The sample sizes are the same as the original ones. Let's check the quality of the model on new features.

In [19]:
#check r2 on the transformed training set
print('R2_score on the transformed training set:', score(features_train_matrix, target_train))

R2_score on the transformed training set: 0.432158202658095


In [20]:
#and check if r2 matches on test samples
print('R2_score on the test set:', score(features_test, target_test))

R2_score on the test set: 0.425552801076332


In [21]:
print('R2_score on the transformed test set:', score(features_test_matrix, target_test))

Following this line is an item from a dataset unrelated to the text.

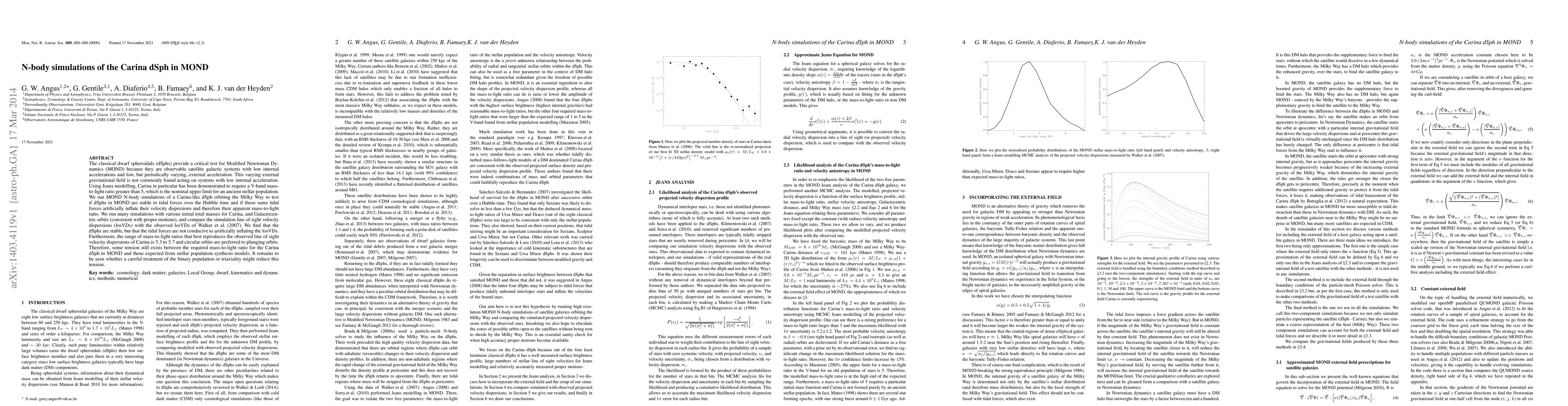 This paper uses MOND N-body simulations to test the stability of the Carina dSph under tidal forces and its impact on velocity dispersions. The simulations show that Carina dSphs are stable but tidal forces do not artificially inflate velocity dispersions, maintaining a mass-to-light ratio tension with stellar population models.

R2_score on the transformed test set: 0.4255528010763677


As you can see, the R2 metric has not changed and is the same on the normal and transformed samples.

### Section Conclusion
The quality of the linear regression has not changed and the R2 metric is the same on the standard and transformed data, which means that we were able to protect customer data without compromising the quality of the model.

## Conclusion:
1. Getting to know the data:
    - The dataset has 5000 rows and 5 columns.
    - The entire dataset has been converted to `int32` format.
    - 153 duplicates were found in the dataset and subsequently removed.
    - There are no gaps in the dataset.
2. During the study, it was found that in the case of multiplying the signs of linear regression by an invertible matrix, the quality of the model does not change.
3. To protect information, we multiply the feature matrix by the reversible matrix $P$, which is randomly generated. Conversion algorithm:
    1. Creation of a random square invertible matrix with the number of columns that corresponds to the number of features.
    2. Checking the matrix for invertibility.
    3. Multiplication of the feature matrix by a random invertible matrix.
    4. Application of the model on the transformed features.
    5. Compare the R2 metrics on the original features and on the features multiplied by the invertible matrix.
4. After transforming the data by multiplying the features by the matrix, the quality of the linear regression has not changed and the R2 metric is the same on the standard and transformed data, which means that we managed to protect customer data without compromising the quality of the model.